Regularizing translation models for better automatic image annotation

  • Authors:
  • Feng Kang;Rong Jin;Joyce Y. Chai

  • Affiliations:
  • Michigan State University, East Lansing, MI;Michigan State University, East Lansing, MI;Michigan State University, East Lansing, MI

  • Venue:
  • Proceedings of the thirteenth ACM international conference on Information and knowledge management
  • Year:
  • 2004

Quantified Score

Hi-index 0.00

Visualization

Abstract

The goal of automatic image annotation is to automatically generate annotations for images to describe their content. In the past, statistical machine translation models have been successfully applied to automatic image annotation task [8]. It views the process of annotating images as a process of translating the content from a 'visual language' to textual words. One problem with the existing translation models is that common words are usually associated with too many different image regions. As a result, uncommon words have little chance to be used for annotating images.

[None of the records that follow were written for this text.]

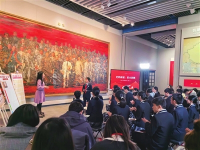 “这节课和以往的不太一样,老师让我们以小组为单位,在场馆里搜集史料拍照、记录,然后上台跟同学们分享,我觉得很有意思。”七年级学生陈宥礼说。
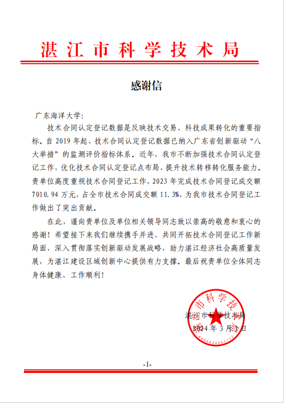 湛江市科学技术局就技术合同登记工作向AC米兰致感谢信
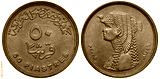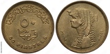 Egypt Egyptian coin 50 fifty piasters 2005, country name and face value in Arabic and English, bust of Cleopatra,
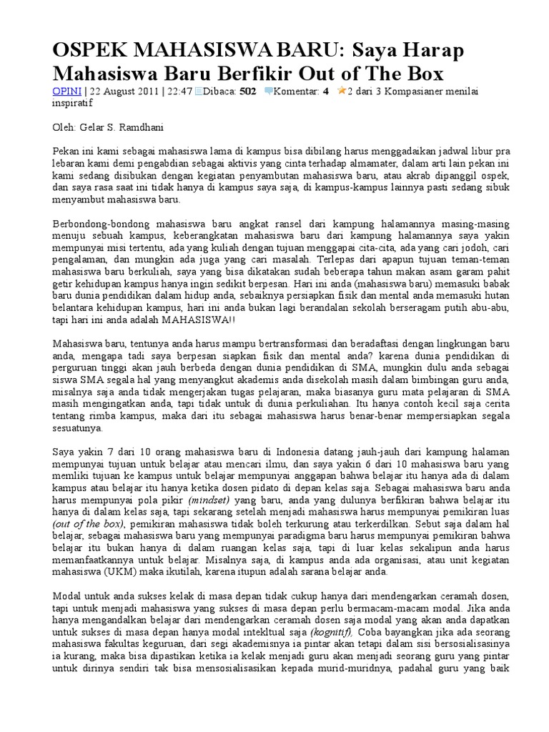 Istilah – Istilah Bawaan dalam MOS/MOPDB/OSPEK | Sharing
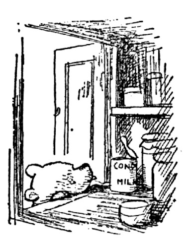 "Nearly eleven o'clock," said Pooh happily. "You're just in time for a little smackerel of something," and he put his head into the cupboard. "And then we'll go out, Piglet, and sing my song to Eeyore."
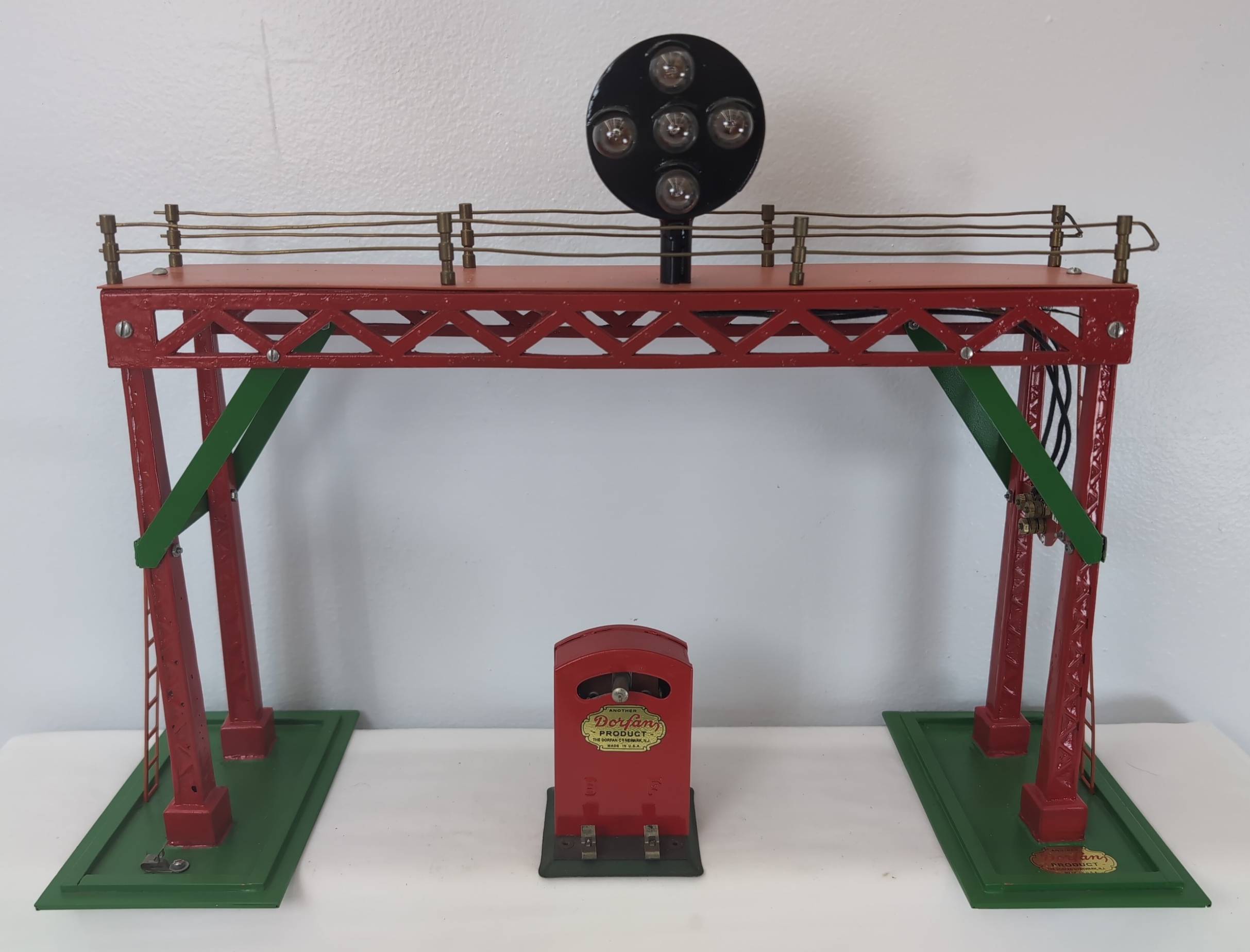 Prewar Dorfan O/Standard Gauge No. 118 Overhead Signal Bridge and Controller. Accessory is marked "PTL Dorfan 2007 Reproduction" and was made by a 25 year collector of Dorfan to the exact dimensions and colors of an original. Controller is restored. Accessory and controller look C9.

Uncommon words are important for automatic image annotation because they are often used in the queries. In this paper, we propose two modified translation models for automatic image annotation, namely the normalized translation model and the regularized translation model, that specifically address the problem of common annotated words. The basic idea is to raise the number of blobs that are associated with uncommon words. The normalized translation model realizes this by scaling translation probabilities of different words with different factors. The same goal is achieved in the regularized translation model through the introduction of a special Dirichlet prior. Empirical study with the Corel dataset has shown that both two modified translation models outperform the original translation model and several existing approaches for automatic image annotation substantially.